Антагонизм сил представляет, однако, только низшую форму мировой механики, соответствующую отвергаемой Дюрингом борьбе за существование. Высшую форму составляет соединение сил для совокупного действия. Здесь является вместе с тем и новое начало, существенно видоизменяющее механическое воззрение на природу, именно начало цели. Дюринг восстает против тех, которые изгоняют цель из естествоведения. Это значит произвольно ограничивать свой кругозор и лишать себя одного из важнейших способов познания вещей. В особенности явления органической жизни неотразимо указывают на присущую им цель. Надобно только устранить понятие о предвзятом намерении и видеть в цели не более как заранее определенное стремление. Дюринг не объясняет, каким образом возможно такое предварительное определение силы вовсе еще не существующим результатом многих совокупных движений. Нет сомнения, что принятием этого начала облегчается объяснение многих явлений; но оно противоречит основаниям системы. В мировую механику вносится совершенно чуждый ей элемент, для которого она служит только средством. Между тем Дюринг, по-видимому, даже и не подозревает этого противоречия. Он, с одной стороны, видит во всей органической жизни присущую ей целесообразность, а с другой стороны, стоит на том, что организм не что иное, как сложная форма самостоятельного механического развития. Точно так же он утверждает, с одной стороны, что природа управляется необходимыми и неизменными законами, а с другой стороны, ввиду того, что в природе цели не всегда достигаются, он приписывает ей бесчисленные ошибки, указывая при этом на недоноски, как будто недоноски с точки зрения механических сил не составляют совершенно такого же необходимого явления, как и правильно рожденные существа.

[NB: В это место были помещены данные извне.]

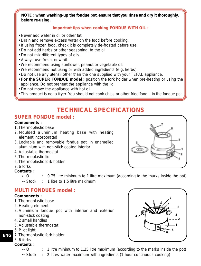 F à NOTE : when washing-up the fondue pot, ensure that you rinse and dry itthoroughly, before re-using.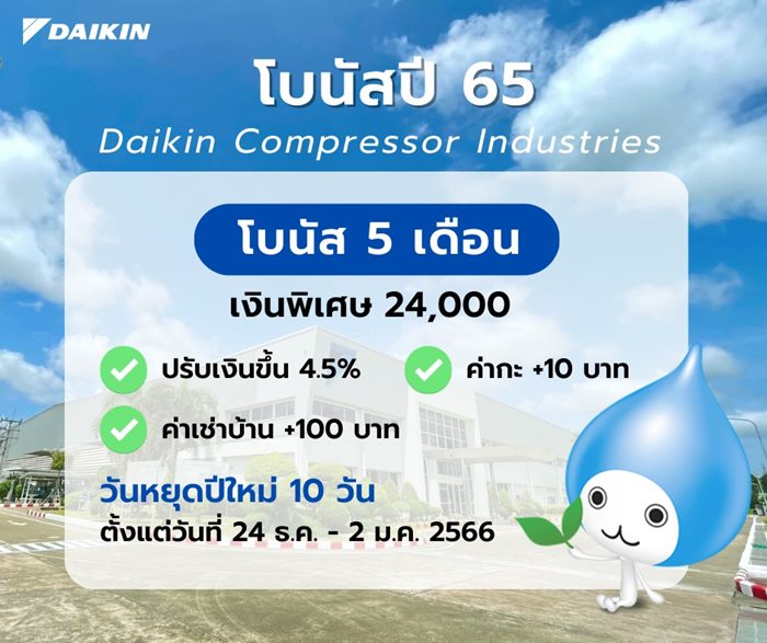 บริษัท ไดกิ้น คอมเพรสเซอร์ ระยอง ประกาศแจกโบนัส 2565 ให้พนักงานจุก ๆ 5 เดือน + เงินพิเศษ 24,000 + ค่าเช่าบ้าน + ปรับเงินขึ้น แถมหยุดยาว ๆ ปีใหม่ 10 วัน

Но высшее свое приложение начало цели находит в области сознания. Дюринг видит в сознании конечную цель всего мирового процесса: природа стремится прийти к самоощущению и выяснить себе свои законы. Здесь, по собственному признанию автора, мы вступаем уже в иной мир, представляющий нс количественное только продолжение предыдущего, а скачок к качественно различным явлениям. Самый факт происхождения субъективного начала остается для нас необъяснимым; наука не может указать тут никакого закона. Тем не менее «в угоду единообразной систематике», как выражается Дюринг, мы необходимо принуждены признать субъективную область явлением тех же механических законов, которые управляют всем миром. В силу той же систематики, все явления сознания должны быть поняты как аналогические друг с другом. Вследствие этого Дюринг зрение сводит на осязание как на основной тип. По его мнению, зрение, так же как осязание, основано на чувстве внешнего сопротивления и представляет только известную форму мировой механики. Если современная оптика не дошла еще до этого убеждения, то это доказывает лишь полную се несостоятельность.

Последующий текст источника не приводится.